**Source records**
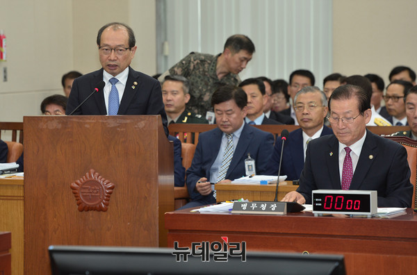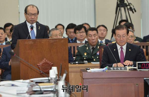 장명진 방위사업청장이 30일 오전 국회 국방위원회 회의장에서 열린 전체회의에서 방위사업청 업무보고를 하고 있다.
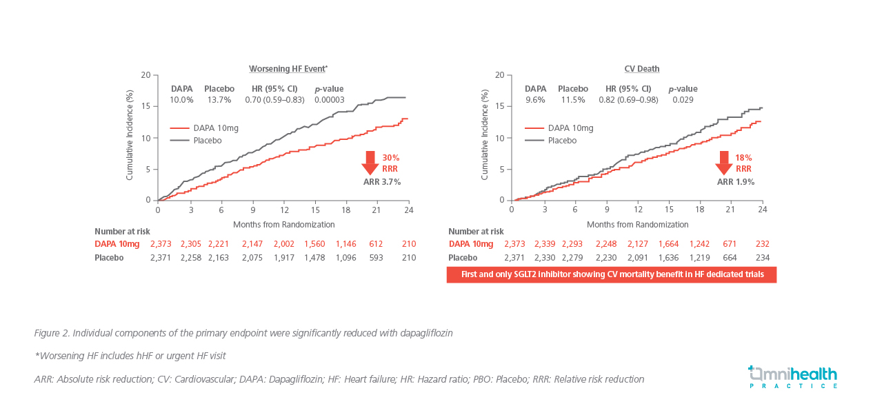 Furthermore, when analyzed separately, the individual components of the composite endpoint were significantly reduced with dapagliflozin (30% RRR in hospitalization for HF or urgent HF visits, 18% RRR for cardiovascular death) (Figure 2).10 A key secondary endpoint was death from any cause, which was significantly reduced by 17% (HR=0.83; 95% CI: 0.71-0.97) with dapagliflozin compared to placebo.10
--
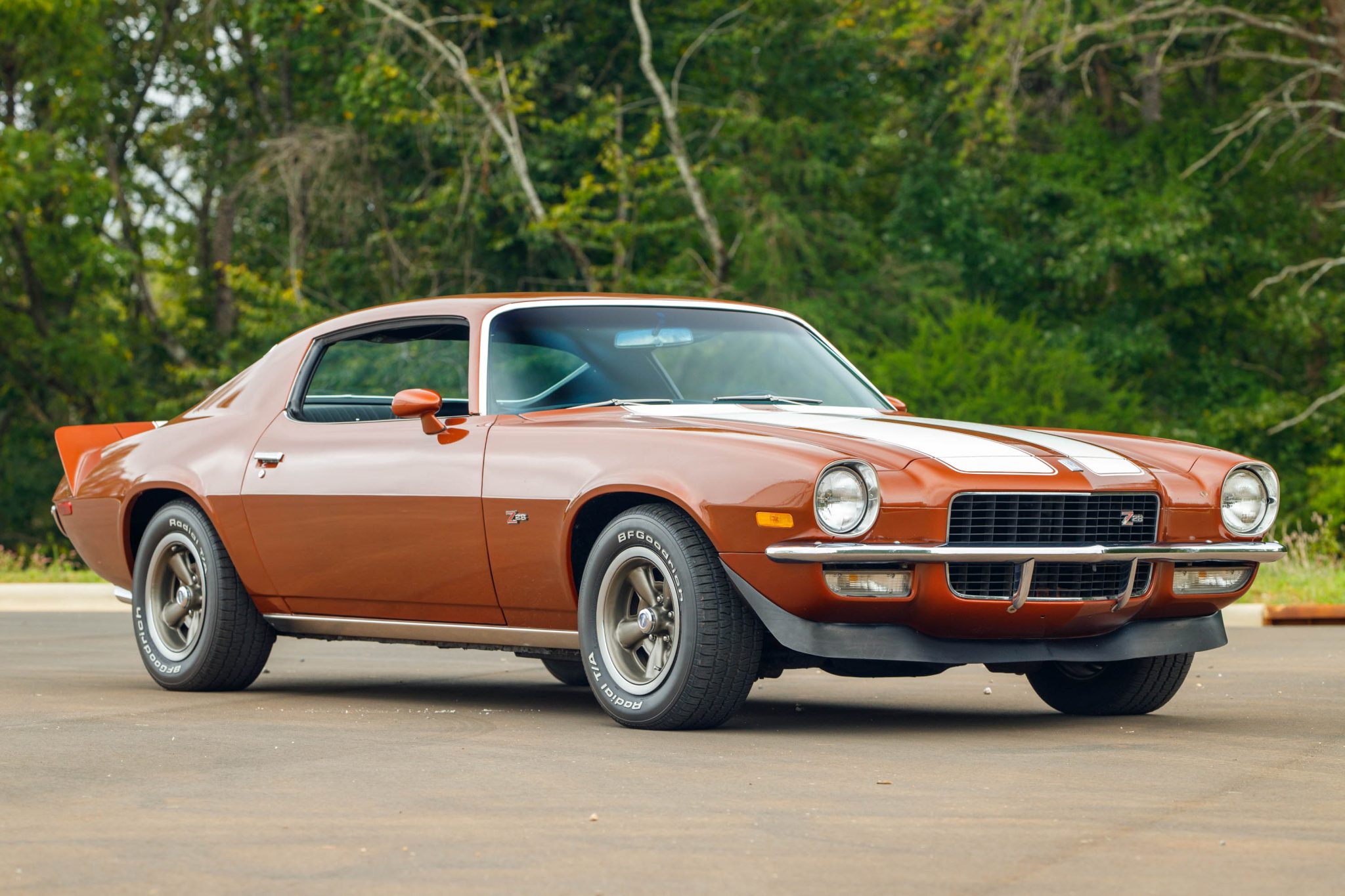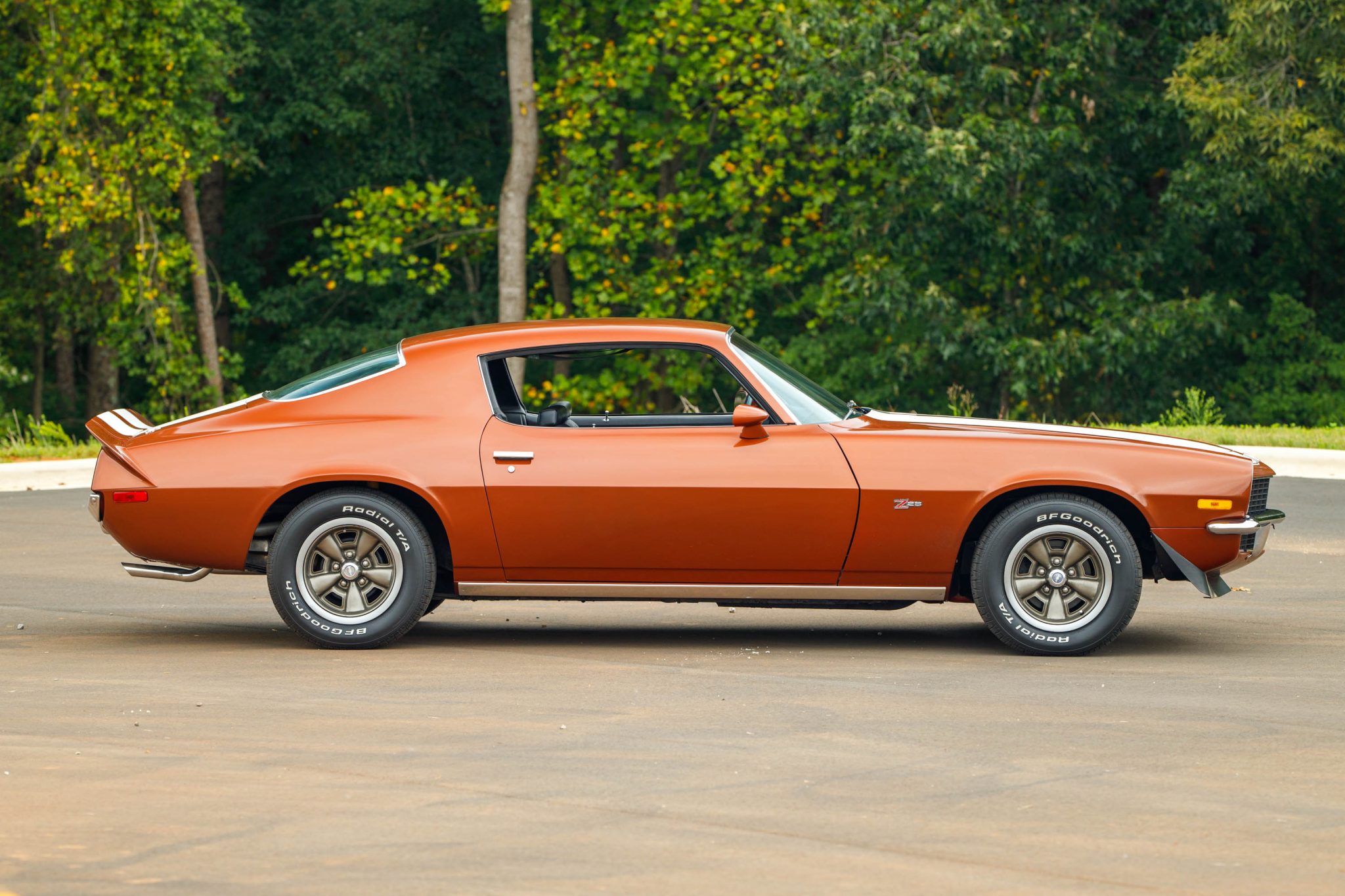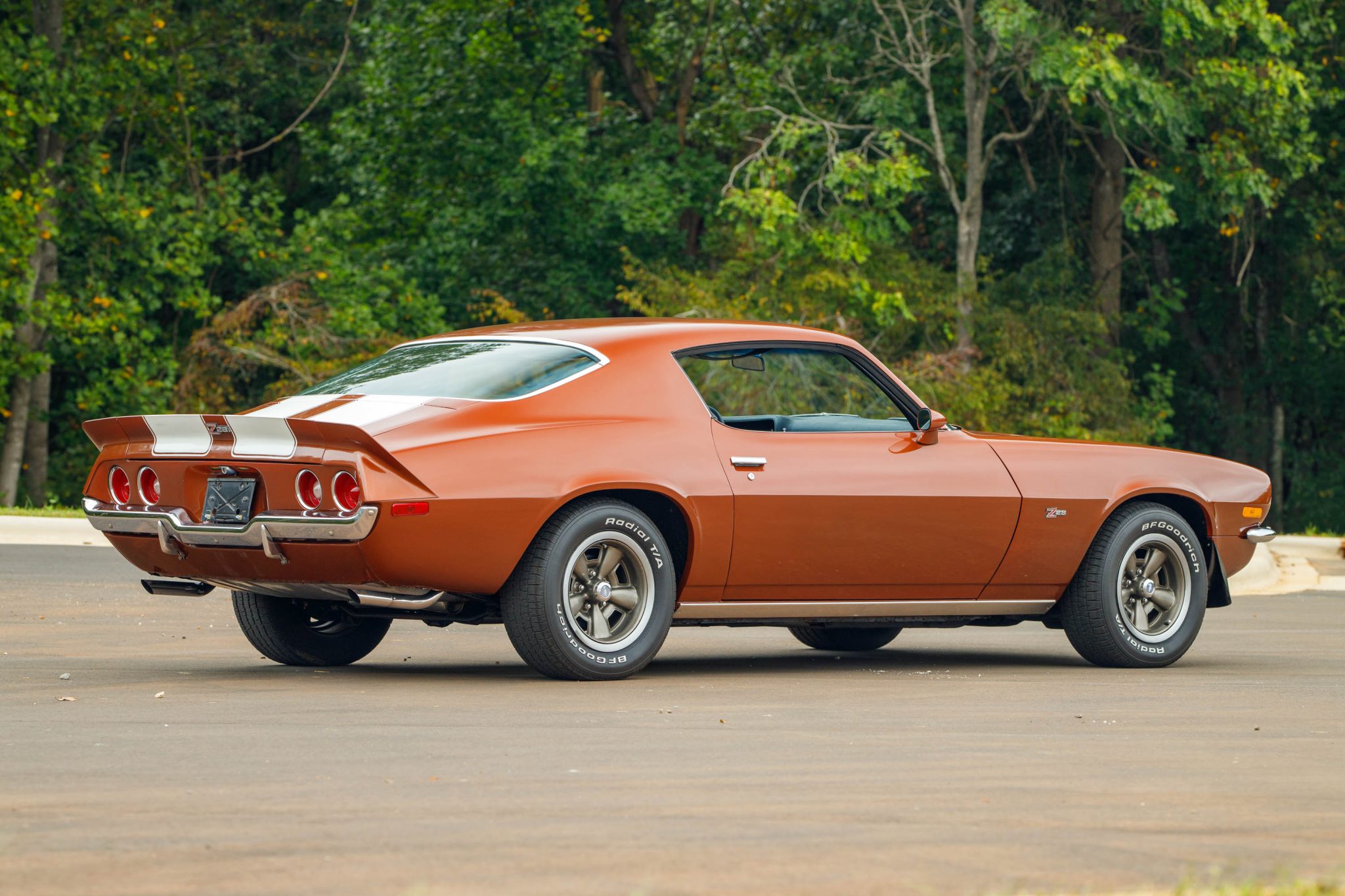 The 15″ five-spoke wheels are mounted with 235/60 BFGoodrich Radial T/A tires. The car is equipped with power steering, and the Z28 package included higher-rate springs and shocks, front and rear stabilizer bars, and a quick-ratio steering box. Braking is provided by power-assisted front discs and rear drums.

**Brief**
Everything above from the line that has "장명진 방위사업청장이 30일" down to the line that has "Furthermore, when analyzed" should be output exactly, with both of those lines included. Leave the pictures behind.

**Exercise solution**
 장명진 방위사업청장이 30일 오전 국회 국방위원회 회의장에서 열린 전체회의에서 방위사업청 업무보고를 하고 있다.
 Furthermore, when analyzed separately, the individual components of the composite endpoint were significantly reduced with dapagliflozin (30% RRR in hospitalization for HF or urgent HF visits, 18% RRR for cardiovascular death) (Figure 2).10 A key secondary endpoint was death from any cause, which was significantly reduced by 17% (HR=0.83; 95% CI: 0.71-0.97) with dapagliflozin compared to placebo.10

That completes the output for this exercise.